2008-Nov-22 17:37 UTC

head link

[LLVMdev] Does current LLVM target-independent code generator supports my strange chip?

On Nov 22, 2008, at 11:03 AM, Wei wrote:
> I have 24-bit integer operations as well as 24-bit floating point
> (s7.16) operations.
>
> The H/W supports load/store instructions, however, they does suggest
> us not to use these load/store instructions besides debugging purpose.
> That is to say, you can imagine we don't have load/store instructions,
> we don't have memory, we just have registers.
>
> I will run OpenGL shading laugnage programs on these chip.
GLSL doesn't have pointers, so no "generic" load + store
simplifying
things.

Unextended GLSL only requires support for integers in the 16 bit  
range, and has no bitwise operations. It also doesn't specify integer  
overflow behavior in any way.

The machines I worked with didn't support any integer ops, but GLSL  
let us get by with "emulated" 16 bit integers (storing and operating  
on them as floating point; divides required truncation after the op -  
that sort of thing).

Since you have 24 bit integer operations, you're in better shape.
> About your comments, I (a new LLVM user) have some more questions:
>
> 1) You mention "custom handle the conversion of the integer/float
> constants that LLVM spits out", does it means:
> I have to register a callback function which will operate when LLVM
> wants to spits out a constant value to memory. But what about non-
> constant value?
What I mean is that you can probably get away with LLVM working with  
float literals as f32, then converting them to your 24 bit format  
during code gen. The specifics depend on how you want to handle  
constants in your backend: literals in instructions or a constant pool  
are the options I know of. For now, I'm using special "load
literal"
instructions, but a constant pool may be more appropriate in the long  
run. I'm still learning.

Integers too: let LLVM work with i32 internally, and convert literals  
during code gen.

Since GLSL doesn't require load/store, and it sounds like your HW may  
not 100% reliable for these ops, you want to make sure your code stays  
in registers.

I assume you'll be starting with the reference GLSL parser (from  
3DLabs, IIRC - I don't even know if they stil exist, actually) and  
having it generate LLVM IR (has anybody done this before?). This will  
give you much more control over the code - Clang is the front end for  
the project I'm working on, and it generates stack based code; most of  
the stack operations get optimized out by inlining and the mem2reg  
pass, but not everything.

> ex:
> int a;
> and LLVM wants to put a into memory.
>
> and I don't really know what the "i32/f32 sounds a good place to
> start" means...
I mean that having your registers declared as i32 + f32 will probably  
work out well, especially since you don't have pointers in your  
language.

The issue would be that LLVM would want to store register values as 32  
bits - and do all the pointer math that way. Depending on how your HW  
works, this may or may not be okay. Even then, you might be able to  
patch it up if you really needed to store your registers 3 byte aligned.

Fortunately, this is not an issue with GLSL.
> 2) I don't know why you mention "I'd assume you'd have
intrinsics for
> I/O."
For GLSL, you have to have some way of reading attributes and  
uniforms, exporting to/reading from varyings, etc.

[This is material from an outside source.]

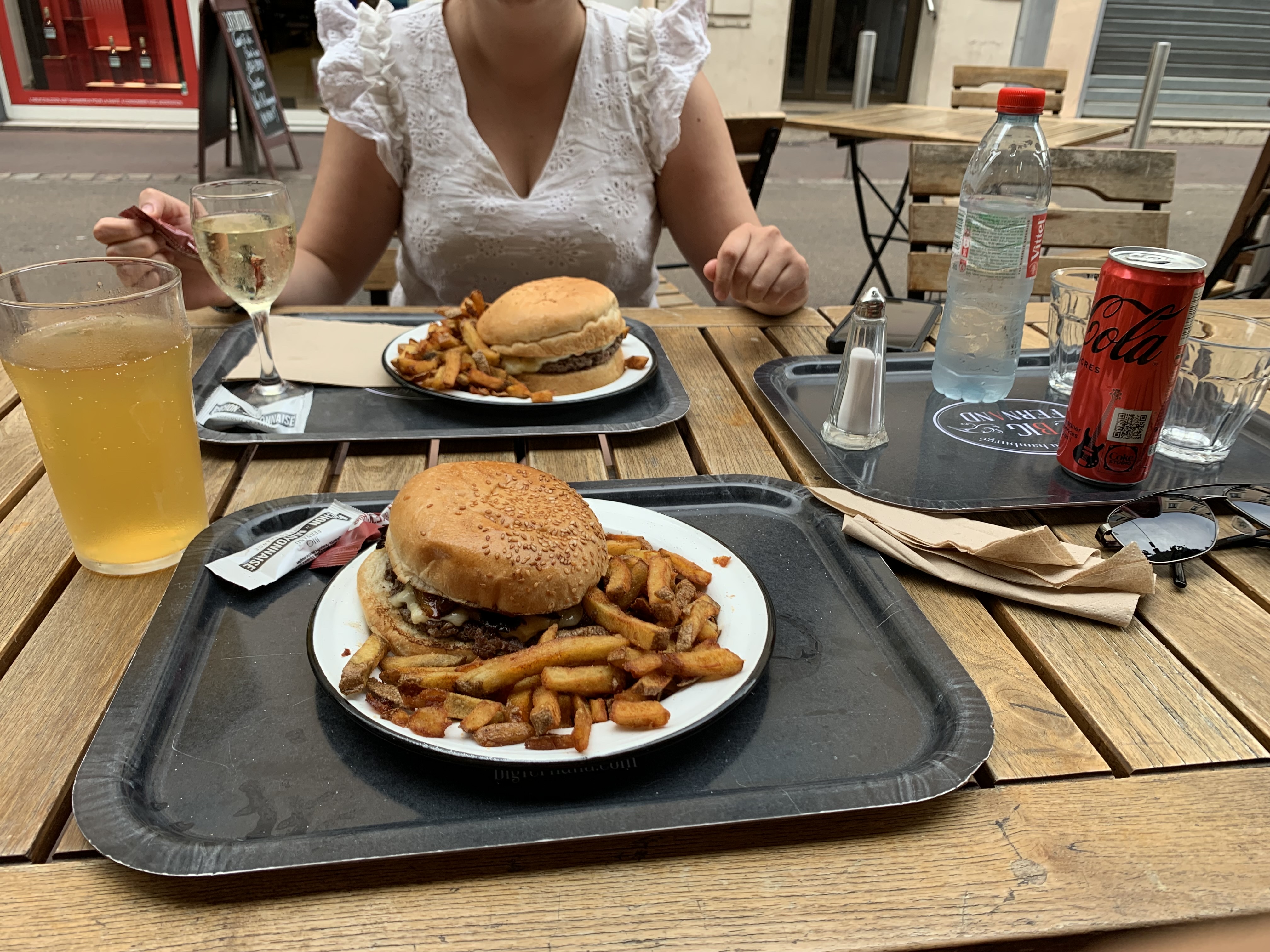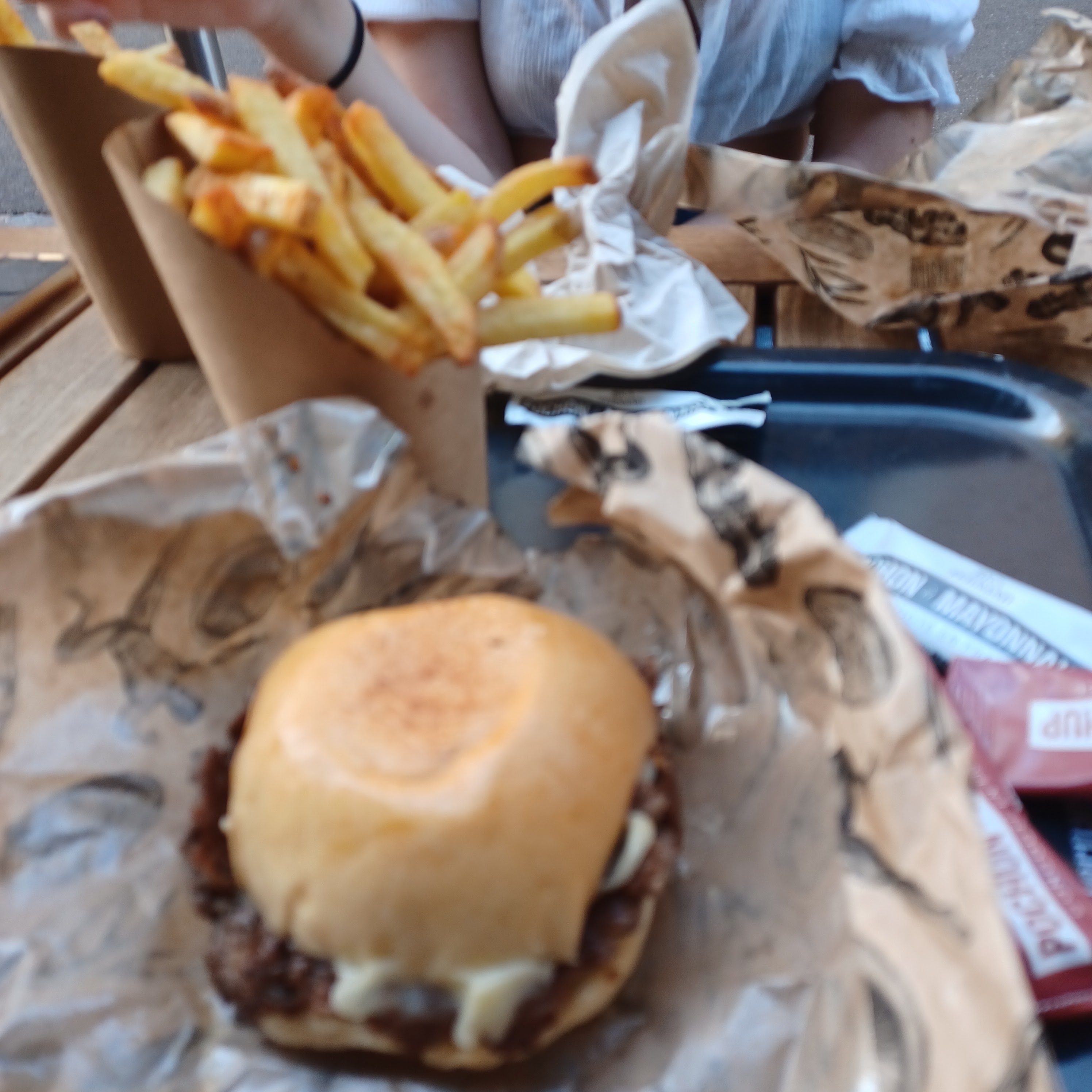 Serveuse extérieure vraiment désagréable, heureusement que ceux au comptoir était très gentil et souriant sinon nous serions parti ! J'ai rarement vu une serveuse aussi désagréable, elle a fait tout son service en tirant la gueule et en parlant mal aux gens, elle est même venu balayé sous nos pieds pendant qu'on mangeait. Sinon leurs burgers sont très bon et la mayo maison est excellente.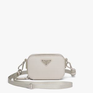 Chalk White Saffiano Leather Mini Pouch

Different GPUs do things differently of course: in some cases, it's a  
matter of certain GPRs being initialized by "fixed function" HW with  
input values at the start of the shader and certain GPRs being left  
with output values at the end of the shader. Other GPUs require  
explicit "export" instructions, perhaps just reads/writes to dedicated
I/O registers. Some have a mix (this is the case for HW I've worked  
with).

If you have export instructions, or even special I/O registers, I was  
thinking that they could be represented or accessed by Target specific  
ops -intrinsics. You'd have the GLSL front end generate these  
intrinsic operations.

I haven't had to work with register constraints in LLVM, so I'm not  
sure what would be best approach if I/O is done through specific GPRs:  
you don't want to reserve those registers for I/O only.... it would  
take some exploration.
>
> 3) I don't think I get you about the following statements:
>> If you want to support memory operations, your integers need to
>> support the addressing range correctly - you effectively have 17 bits
>> of mantissa - so it may be a tight squeeze without 24 bit integer ops
>> (shifts and ands and stuff will also be a painful, but that's a
more
>> expansive topic).
> Can you give some example?
Sorry, I was "thinking out loud".

I made the assumption here that you didn't have 24 bit integer ops,  
and that you might try to represent pointers as integers in a single  
24 bit float value (maybe with a 1D texture as your addressable  
memory). In that case, you'd have a very limited range.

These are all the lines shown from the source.